# Profiling the model evaluation

Within the test suite for `mlgw_bns` the evaluation time for  
a prediction by a trained model is checked thanks to `pytest-benchmark`; 
however one might wish to get more granular information
about which functions are taking the longest to run. 

In order to achieve this, we can make use of the `cProfile` module, combined
with the `snakeviz` visualization tool. 
Both of these dependencies should be installed when running the command
```bash
poetry install
```
without the `--no-dev` option. 

We write a script with the following imports:
```python
from mlgw_bns import Model
from mlgw_bns.model import ParametersWithExtrinsic

import cProfile
import pstats
```

and define a utility function for the profilation of a function's execution:
```python
def profile(func, *args, **kwargs):
    
    with cProfile.Profile() as pr:
        func(*args, **kwargs)
    
    stats = pstats.Stats(pr)
    stats.sort_stats(pstats.SortKey.TIME)
    return stats
```

Now, we are ready to start profiling: 
we need a trained model, which we can obtain as outlined in [](new_model).
Let us call our model `m`.

We also need a set of parameters for the generated waveform: 
an example set is given here.
```python
params = ParametersWithExtrinsic(
    mass_ratio=1.0,
    lambda_1=500,
    lambda_2=50,
    chi_1=0.1,
    chi_2=-0.1,
    distance_mpc=1.0,
    inclination=0.0,
    total_mass=2.8,
)
```

We also need an array of frequencies at which the new waveform will need to be computed:
the standard, FFT-grid frequency set is provided by 
`m.dataset.frequencies_hz`, so we can use this as a baseline. 
Its only issue is that it is very dense, so we can downsample by a certain amount, 
for example defining
```python
frequencies = m.dataset.frequencies_hz[::1024]
```

We are almost ready to profile: 
one issue is the fact that several functions in the 
prediction pipeline are decorated to make use of `numba`'s just-in-time compilation,
or they employ caching, therefore the first run of the prediction function will 
be very slow (on the order of a few seconds) compared to the speed 
the pipeline can achieve. 

To account for this, we need to make a dry run of the prediction function before
profiling it. 
The profilation code will therefore look like:
```python
m.predict(frequencies, params)

stats = profile(m.predict, frequencies, params)
stats.dump_stats('prediction_profile.prof')
```

This will generate a profile file which is not human-readable, 
but it can be nicely visualized with the `snakeviz` utility: 
simply run 
```bash
poetry run snakeviz prediction_profile.prof 
```
from the command line, and a local webpage containing an interactive visualization 
of the execution times of the various internal functions.

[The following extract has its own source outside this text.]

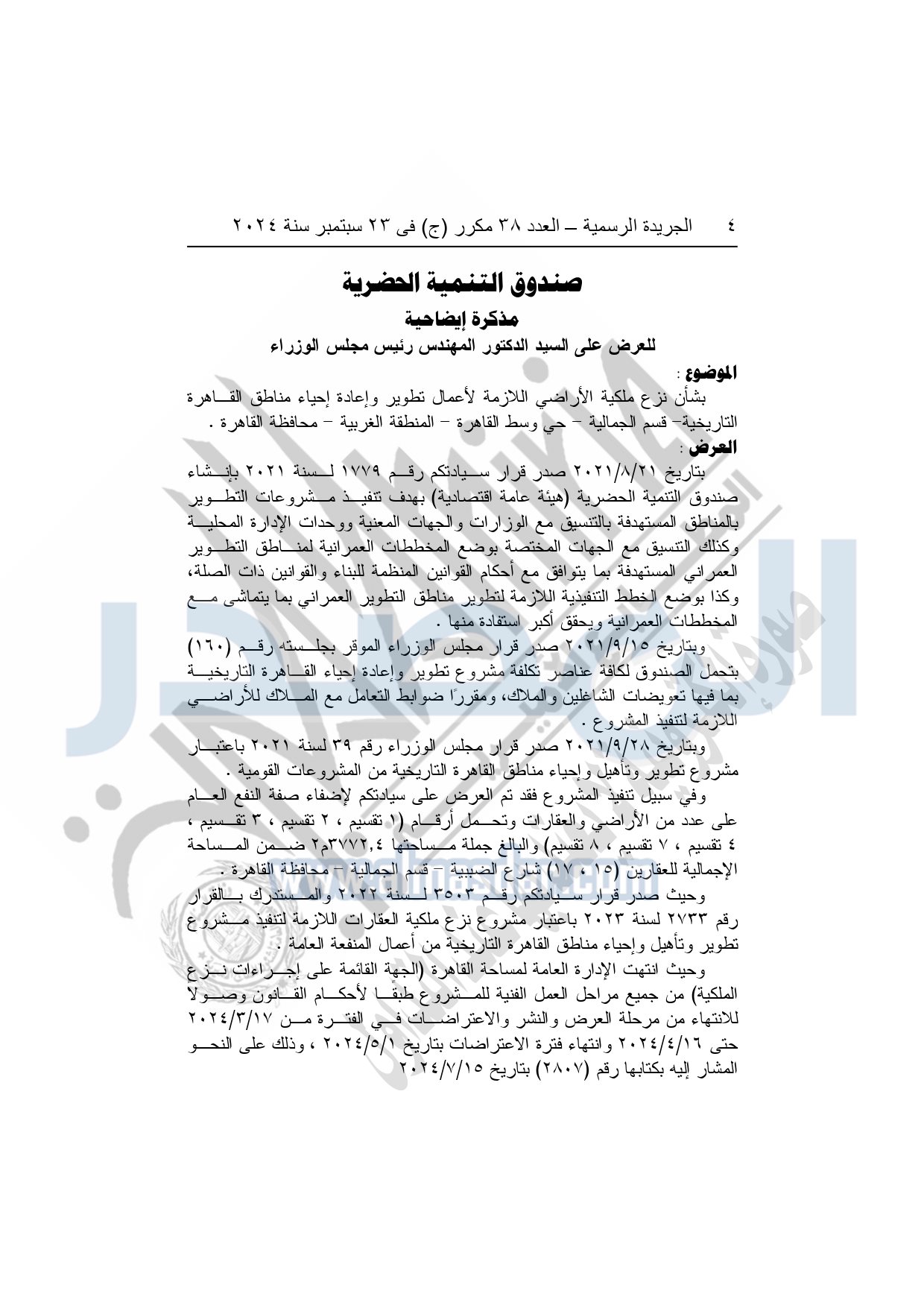 وأضافت الجريدة الرسمية، أن القرار جاء بعد الإطلاع أيضا على قرار رئيس مجلس الوزراء رقم 1779 لسنة 2021 بشأن إنشاء صندوق التنمية الحضرية؛ وعلى قرار رئيس مجلس الوزراء رقم 3503 لسنة 2022 باعتبار مشروع نزع ملكية العقارات اللازمة لتنفيذ مشروع تطوير وتأهيل وإحياء مناطق القاهرة التاريخية من أعمال المنفعة العامة المعدل بالقرار رقم 2733 لسنة 2023؛ وبناءً على ما عرضه رئيس مجلس إدارة صندوق التنمية الحضرية.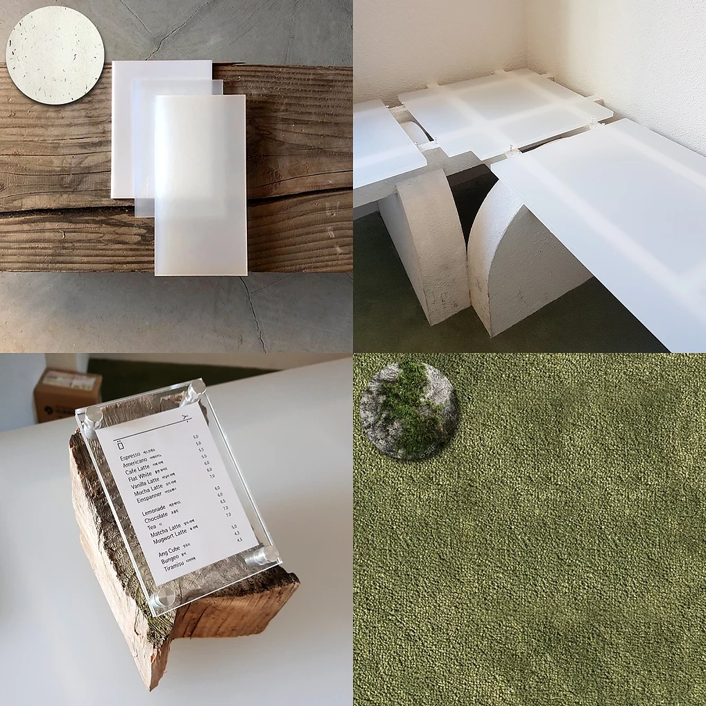 또한 전통요소를 현대적인 소재로 바꾸어 대입했는데, 한지의 느낌과 비슷한 아크릴을 사용하거나, 자연의 이끼 대신 뇌록 색 바닥 카펫을 깔아 전통의 느낌을 유지하면서도 트렌디하게 디자인했다.

The expected result, if the length of the required frequencies 
is of the order of a few thousands (as is needed, for example, with reduced order quadratures), 
is that: 
- most of the time will be taken by interpolation: the internal function 
    is called `model.cartesian_waveforms_at_frequencies`, which calls 
    `downsampling_interpolation.resample` twice (once for amplitude, once for phase),
    and which in turns calls the scipy low-level functions `splrep` and `splev`;
- some time is taken by the prediction of the waveforms (`model.Model.predict_waveforms_bulk`), of which
  - some time (about half) is taken by the prediction of the residuals with the neural network and PCA:
        `model.Model.predict_residuals_bulk`;
  - some time (about half) is taken by the evaluation of the post-Newtonian amplitude and phase:
        `dataset_generation.Dataset.recompose_residuals`;
- any remaining time required should be comparatively small.